This research focused on whether there is racial bias in sports on Twitter, and whether the Tokyo Olympics have an impact on this. Users on Twitter were divided into sports media and general users, analyzed seperately. Main methods used were news coverage analysis and sentiment analysis.
To analyze news coverage of different races, we selected five top American sports media on Twitter, according to their followers and number of posts. The selected media are @espn, @Slonw, @FOXSports, @BleacherReport, and @TeamUSA. A total of 3917 tweets posted by them during and three months before the games (24 April 2021 to 8 August 2021) were crawled.
For general users, we crawled all tweets that mentioned athletes’ names. The Python library we used was Twint
. According to athletes’ races and periods of the posts, the dataset can be split into four groups – “white – before”, “minority – before”, “white – during”, and “minority – during”.
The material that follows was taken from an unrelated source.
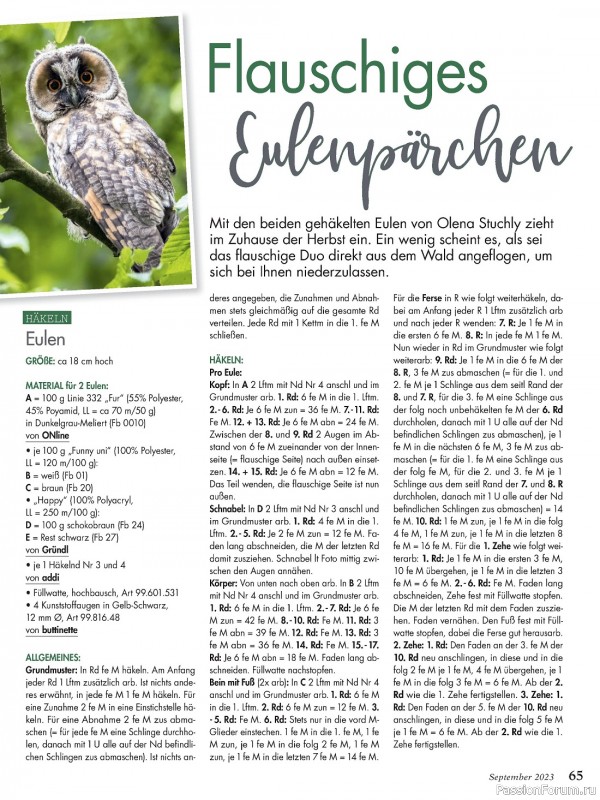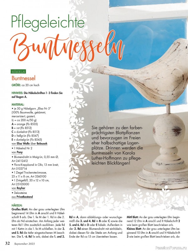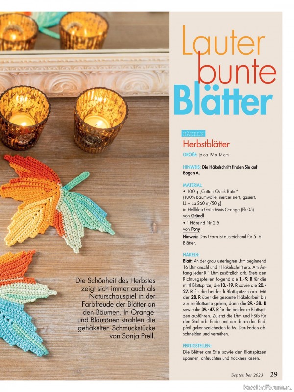 Популярный журнал по рукоделию на немецком языке. В каждом номере журнала собраны уникальные проекты, выполненные в разных техниках - вязание крючком, спицами, вышивка, украшения из бисера, пэчворк и другие.
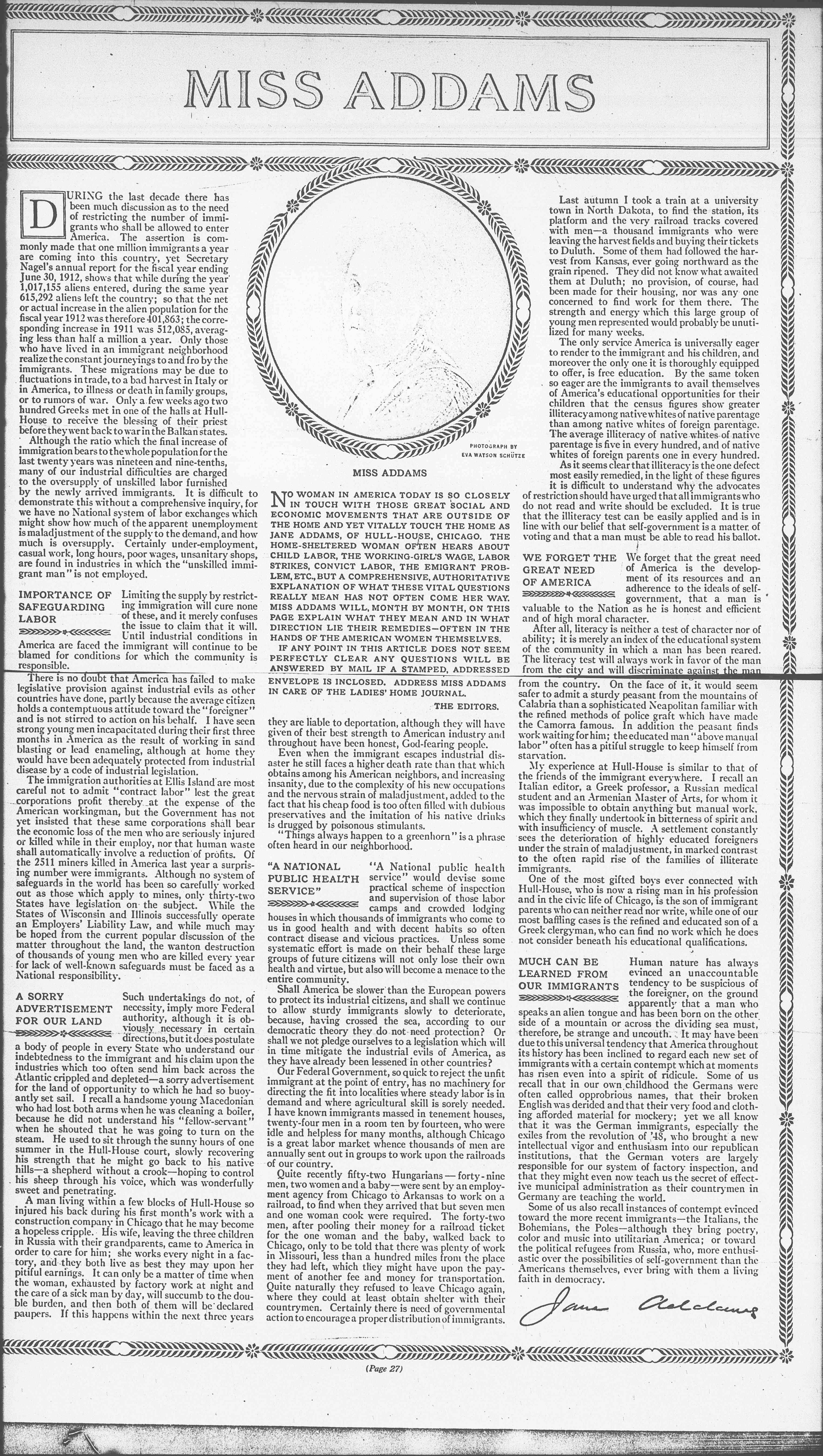 NO WOMAN IN AMERICA TODAY IS SO CLOSELY IN TOUCH WITH THOSE GREAT SOCIAL AND ECONOMIC MOVEMENTS THAT ARE OUTSIDE OF THE HOME AND YET VITALLY TOUCH THE HOME AS JANE ADDAMS, OF HULL-HOUSE, CHICAGO. THE HOME-SHELTERED WOMAN OFTEN HEARS ABOUT CHILD LABOR, THE WORKING-GIRL'S WAGE, LABOR STRIKES, CONVICT LABOR, THE EMIGRANT PROBLEM, ETC., BUT A COMPREHENSIVE, AUTHORITATIVE EXPLANATION OF WHAT THESE VITAL QUESTIONS REALLY MEAN HAS NOT OFTEN COME HER WAY. MISS ADDAMS WILL, MONTH BY MONTH, ON THIS PAGE EXPLAIN WHAT THEY MEAN AND IN WHAT DIRECTION LIE THEIR REMEDIES -- OFTEN IN THE HANDS OF THE AMERICAN WOMEN THEMSELVES.

In order to get balanced data, we used the number of tweets for “minority – during” as a reference, and random sampling was conducted for the three other groups.
The proportion of news coverage of white and minority athletes can be computed for each media account to quantitatively inspect whether there is racial bias. Based on the bar chart, there is no racial bias. The coverage ratios in the two periods are almost the same as the percentage in the roster.
In addition, we would like to discusse if the media coverage mainly focused on sports stars. We did a statistical analysis of athletes with top 5 media coverage. From the table below, the phenomenon of imbalanced coverage can be detected in both periods, especially in minority athletes.
We focused on finding the most distinctive words in media posts about white and minority athletes and inspecting their differences. The method to find the most distinctive words is log-likelihood ratio test. We concluded that no bias exists according to this, although slighly more positive words were detected from while athletes.
In our study, sentiments are divided into positive, neutral, and negative. Our training set includes two parts – manually labeled tweets and publicly available Twitter sentiment corpus on Kaggle. We tried Logistic model, BERT-base
, BERT-weet
to get the classification model with highest accurracy. Then, used this model to label all other unlabeled tweets.
As a supplement, we collected tweets for different ethnical groups from 9th August until now to validate whether the negative sentiments returned to baseline, and inspect the progress brought by Tokyo Olympics is permanent or temporary.